We have been undertaking retudies for some time now and thinking about the need to revisit classic studies as part of our sociological analysis. Here is the introduction to a paper we have been working on and need to finish soon.
John Goodwin and Henrietta O’Connor
Following our various journeys in and around numerous past/historical/legacy school to work transition projects, from the 1960s through to the 1980s, we have developed a broader interest in the history of ‘youth studies’. More precisely the restudies we have initiated has necessitated us developing some understanding of the genesis of those particular legacy projects and, as a consequence, we have been introduced to a wide range of researchers and writers who all have contributed to the field of youth studies during the last sixty or so years. The need to revisit what had been done before was important in aiding our understanding and appreciation of the nexus of inter-relationships in which these legacy projects were developed, funded, operationalised, researched and disseminated. In so doing we have been exposed to a range of studies previously unknown to us and, we suspect, which have now simply become obscured by the passage of time for many others.
For us these dusty book jackets of ‘studies past’ hide a veritable treasure trove of what was once ‘state of the art’ research on the sociology of youth, and what constituted youth studies, but which is now largely forgotten or just simply ignored. Yet this seems both wasteful and saddening as there is so much still to learn from legacy research and there are so many studies which deserve to be revisited or reconsidered. The fact that they are not, and that such legacy studies are so readily overlooked is, we would argue, problematic for a number of reasons. First, the process of ‘disregarding’ is part of a broader tendency that assumes that all that legacy studies, and associated research monographs contain, are ‘old’ not only in a chronological sense but also in terms of their utility i.e. that these studies have nothing ‘new’ to articulate of offer that is not already known. This relates to the dominant progress model of scientific knowledge that undergirds much of social scientific research – a model of research which posits that knowledge is a linear product that ‘flows’ in one direction towards greater ‘clarity and truth’, with each discovery building upon the last. Dunning and Hughes (2013:126) illustrate this approach by evoking Elias’s metaphor of swimmers diving into the ‘stream of knowledge at particular times and places’. The stream of knowledge ‘flows’ yet the dominant trend is to view the place we ‘dive in’ as the point from which all advancements originate. What about the accumulated knowledge downstream? As such a re-reading of any text, be it five years old or fifty-five years old, has the potential of offer new and original insights or to prompt new thinking when the ideas the contained within are considered via a ‘contemporary lens’ or are reconsidered in the ‘present context’. Indeed, these legacy studies, as with other materials that document social life, have ‘considerable value as both the subject and object of subsequent research’ (Hughes and Goodwin 2014: XX).

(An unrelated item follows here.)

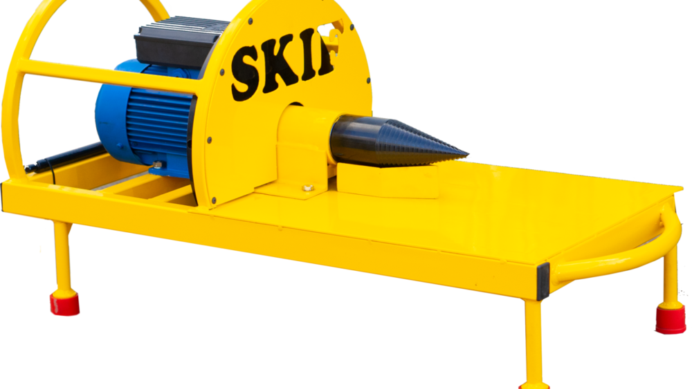 Подача поленьев происходит очень просто. Для этого достаточно положить их на небольшую станину. После того как чурбан подводится к конусу, все происходит автоматически. На него нанесена структура, которая способствует проникновению модуля внутрь дерева, чем происходит расслоение на части. Никаких разлетающихся щепок или слетающих топорищ. Все безопасно и с задачей сможет справиться даже ребенок. Максимальное значение развиваемых оборотов — 3000 в минуту.

Second, again as we have argued elsewhere, the overlooking of past youth studies is not simply a process of moving on but is also reflective of the ‘fetishisation the present’. This is something particularly relevant in the context of youth studies which, as a subject matter, almost lends itself to a prioritisation of ‘contemporary’ issues at the expense of all else. Yet such an approach implies that the ‘here and now’, or the issues of contemporary youth are somehow hermetically sealed off from what went before. Or more problematic what ‘issues’ there are – be it youth unemployment, youth culture/subculture – emerged out of nowhere. Such an epistemological fallacy prompts us to consider more and more ‘what is now’ rather that how did we get here/how did this come to be? Yet discussions and explanations are narrowed if youth studies research remains focused only ‘…on contemporary problems. One cannot ignore the fact that every present society as grown out of earlier societies and points beyond itself to a diversity of possible futures’ (Elias 1985: 226).

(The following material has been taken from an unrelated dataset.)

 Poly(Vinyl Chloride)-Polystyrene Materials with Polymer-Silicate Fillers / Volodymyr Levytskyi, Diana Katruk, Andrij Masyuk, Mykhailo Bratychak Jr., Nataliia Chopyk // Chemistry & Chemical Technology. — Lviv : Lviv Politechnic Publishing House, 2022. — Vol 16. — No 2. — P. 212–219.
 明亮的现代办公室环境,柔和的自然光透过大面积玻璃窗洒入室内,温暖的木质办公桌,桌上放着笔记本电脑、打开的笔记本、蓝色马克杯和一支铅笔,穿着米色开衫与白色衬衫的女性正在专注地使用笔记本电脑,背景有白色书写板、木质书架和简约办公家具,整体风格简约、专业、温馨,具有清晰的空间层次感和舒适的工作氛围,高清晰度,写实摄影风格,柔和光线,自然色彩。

Finally, unless past research has attracted the sobriquet of ‘classic’ then for many it is simply not worth bothering with. Why re-read it? However, who is it that determines what is or becomes classic study (or otherwise) in social science research? Of course there are those studies that have moved debates and ideas forward, or have operationalized ground-breaking research designs or where findings have significantly shaped subsequent research agendas for many years to come. Yet these are often value judgements. However well intentioned or deserved in some respects the ‘classic’ tag may be unhelpful in that it could detract from those perfectly useful ‘other’ studies which still have a great deal to offer studies of youth. This is no way meant to detract from ‘classic’ studies but to simply suggest that the broader oeuvre of youth research may have considerably more of value to offer and studies, be it from ten, twenty or even fifty years ago should not be always readily dismissed, disregarded or diminished purely because it isn’t ‘new’ or ‘newsworthy’.